**Instructions to follow:**
The answer should hold every line of the listing, unchanged and free of images.
#### Recorded data
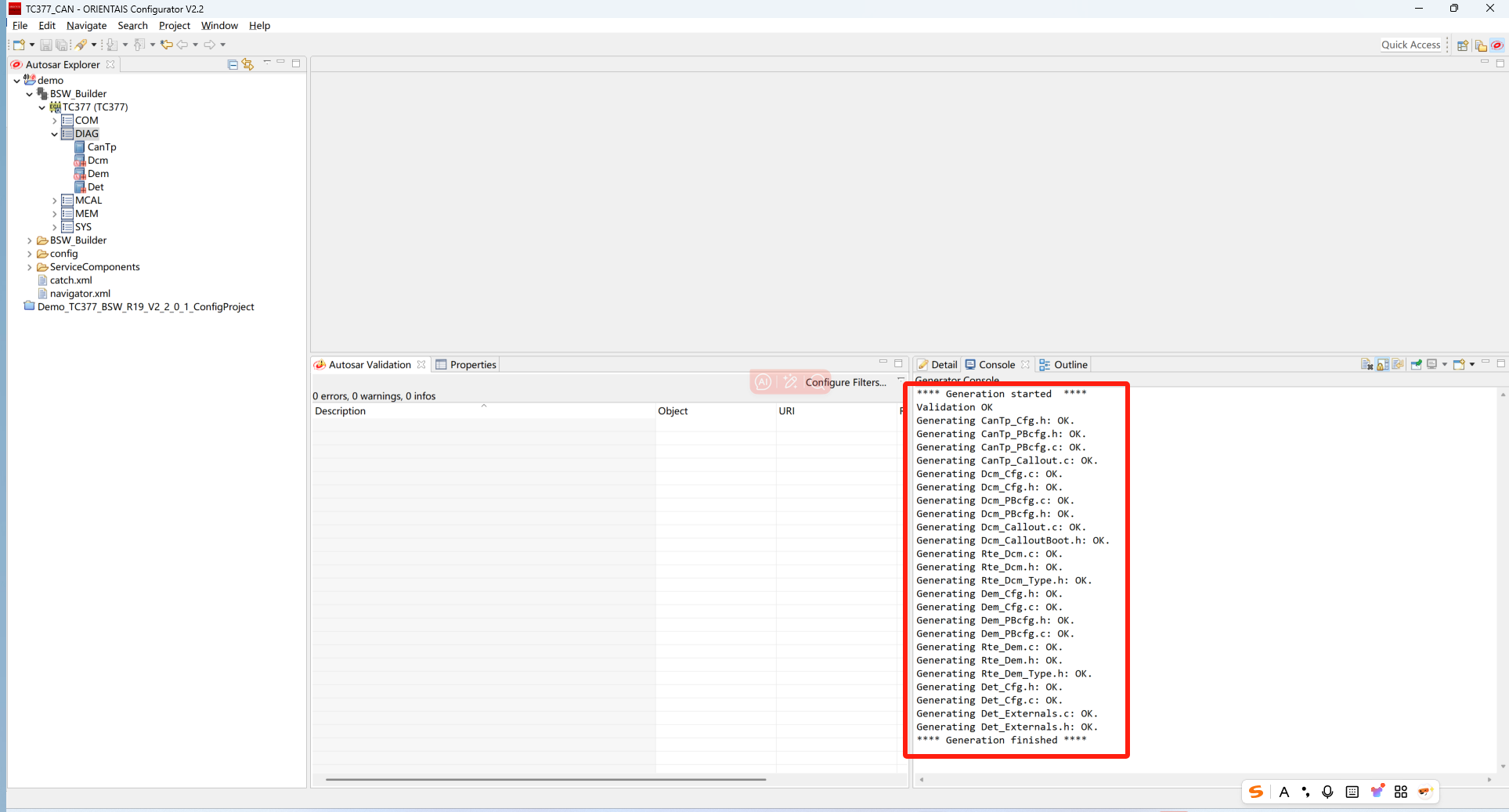 选择Validate All对本协议栈各配置选项进行校验,没有错误提示信息即校验通过。若有错误信息,请按照错误提示修改。
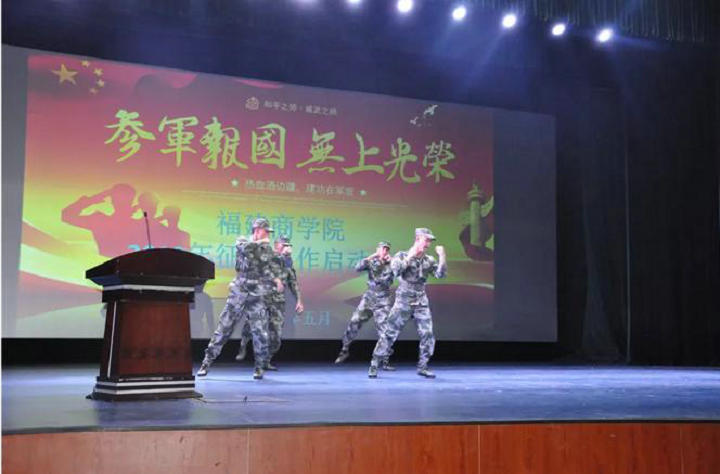 在启动仪式上,鼓楼区人武部副部长刘超讲解了大学生为什么要参军以及2018年大学生应征入伍的优惠政策,并分享了自己在部队中的亲身经历,号召同学们投笔从戎,到部队淬炼青春。仪式上,bsport官网退伍学生代表、入伍意愿学生代表分别作了发言,退伍学生还表演了精彩的军旅节目。
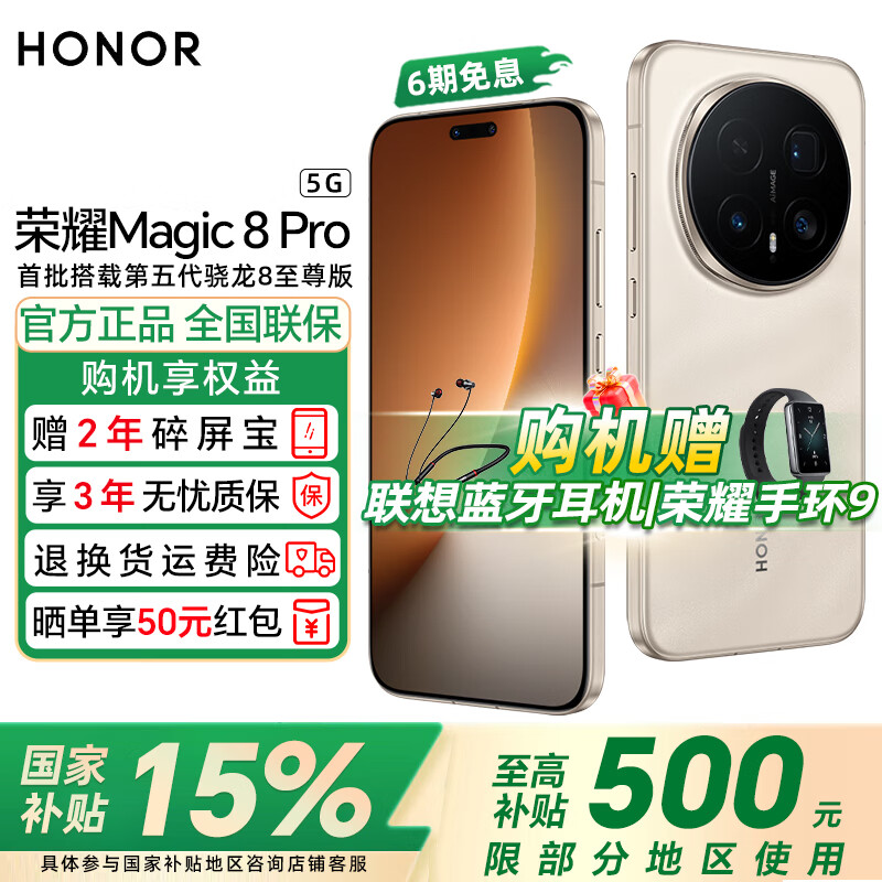 荣耀Magic8 Pro【政府补贴】5G手机 YOYO智能体 超夜神长焦 第五代骁龙8至尊版 新一代青海湖电池 旭日金砂 16GB+512GB 官方标配
########
**Task solution:**
 选择Validate All对本协议栈各配置选项进行校验,没有错误提示信息即校验通过。若有错误信息,请按照错误提示修改。
 在启动仪式上,鼓楼区人武部副部长刘超讲解了大学生为什么要参军以及2018年大学生应征入伍的优惠政策,并分享了自己在部队中的亲身经历,号召同学们投笔从戎,到部队淬炼青春。仪式上,bsport官网退伍学生代表、入伍意愿学生代表分别作了发言,退伍学生还表演了精彩的军旅节目。
 荣耀Magic8 Pro【政府补贴】5G手机 YOYO智能体 超夜神长焦 第五代骁龙8至尊版 新一代青海湖电池 旭日金砂 16GB+512GB 官方标配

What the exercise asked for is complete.